Renan Diniz

Personal information
- Full name: Renan Souza Diniz
- Date of birth: 27 February 1993 (age 32)
- Place of birth: São Paulo, Brazil
- Height: 1.87 m (6 ft 2 in)
- Position: Defender

Team information
- Current team: União Suzano

Senior career*
- Years: Team / Apps / (Gls)
- 2012: Santo André / 0 / (0)
- 2013: América (SP) / 3 / (1)
- 2014–2015: Rio Claro / 18 / (2)
- 2014: → Oeste (loan) / 13 / (0)
- 2015: Red Bull Brasil / 0 / (0)
- 2016: Bragantino / 6 / (0)
- 2016–2020: Adanaspor / 74 / (4)
- 2021: São Bernardo / 9 / (0)
- 2021: Mirassol / 5 / (0)
- 2021–2022: São Bernardo / 0 / (0)
- 2023: Camboriú / 11 / (0)
- 2023: Maringá / 11 / (1)
- 2023–2024: Ipatinga / 0 / (0)
- 2024–: União Suzano / 2 / (0)

= Renan Diniz =

Brazilian footballer

Renan Souza Diniz (born 27 February 1993) is a Brazilian professional footballer who plays as a defender for União Suzano.

==Career==
===América SP===

Renan made his league debut against Independente SP on 27 January 2013. He scored his first goal for the club against AA Flamengo on 7 April 2013, scoring in the 39th minute.

===Rio Claro===

Renan made his league debut against Comercial Futebol Clube RP on 1 February 2014. He scored his first goals for the club against Santos on 16 March 2014, scoring in the 43rd and 70th minute.

===Oeste===

Renan made his league debut against ADRC Icasa on 16 July 2014.

===Bragantino===

Renan made his league debut against Guarani FC on 10 February 2016.

===Adanaspor===

Renan scored on his league debut against Bursaspor on 19 August 2016, scoring in the 24th minute.

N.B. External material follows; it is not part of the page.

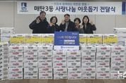 (뉴스핏 = 김호 기자) 수원시 영통구 매탄3동은 지난 4일, 매탄중심상가상인회로부터 설 명절을 맞이해 관내 취약계층을 위한 라면 100박스와 햇반 110박스를 기탁받았다고 밝혔다. 이번 기탁은 설 명절을 앞두고 지역사회에 따뜻한 활력을 불어넣고, 이웃과 함께 정을 나누고자 하는 상인회 회원들의 자발적인 참여로 마련됐다. 기탁된 물품은 매탄3동 행정복지센터를 통해 기초생활수급 가구, 차상위 가구 등 저소득층 이웃들에게 전달되어, 모두가 풍성하고 든든한 명절을 보낼 수 있도록 지원될 예정이다. 정희경 매탄중심상가상인회장은 “설 명절만큼은 우리 주변의 어려운 이웃들이 소외되지 않고 따뜻한 정을 느끼며 든든하게 보내시길 바라는 마음으로 회원들과 정성을 모았다”며, “앞으로도 지역 상인들이 힘을 합쳐 주변을 살피고 나눔을 실천하는 활동에 적극 앞장서겠다”고 전했다. 김병목 매탄3동장은 “매년 명절마다 지역사회를 위한 나눔을 실천해 주시는 매탄중심상가상인회에 진심으로 감사드린다”며 “기탁해 주신 물품은 상인분들의 따뜻한 마음과 함께 관내 어려운 이웃들에게 소중히 전달하겠다”고 감사의 뜻을 전했다. 한편,

===First spell at São Bernardo===

Renan made his league debut against Lemense Futebol Clube on 10 March 2021.

===Mirassol===

Renan made his league debut against Botafogo SP on 12 June 2021.

===Camboriú===

Renan made his league debut against Joinville on 14 January 2023.

===Maringá===

Renan made his league debut against XV de Piracicaba on 6 May 2023. He scored his first goal for the club against Operário FC MS on 1 July 2023, scoring in the 88th minute.

===União Suzano===

Renan made his league debut against Catanduva on 13 March 2024.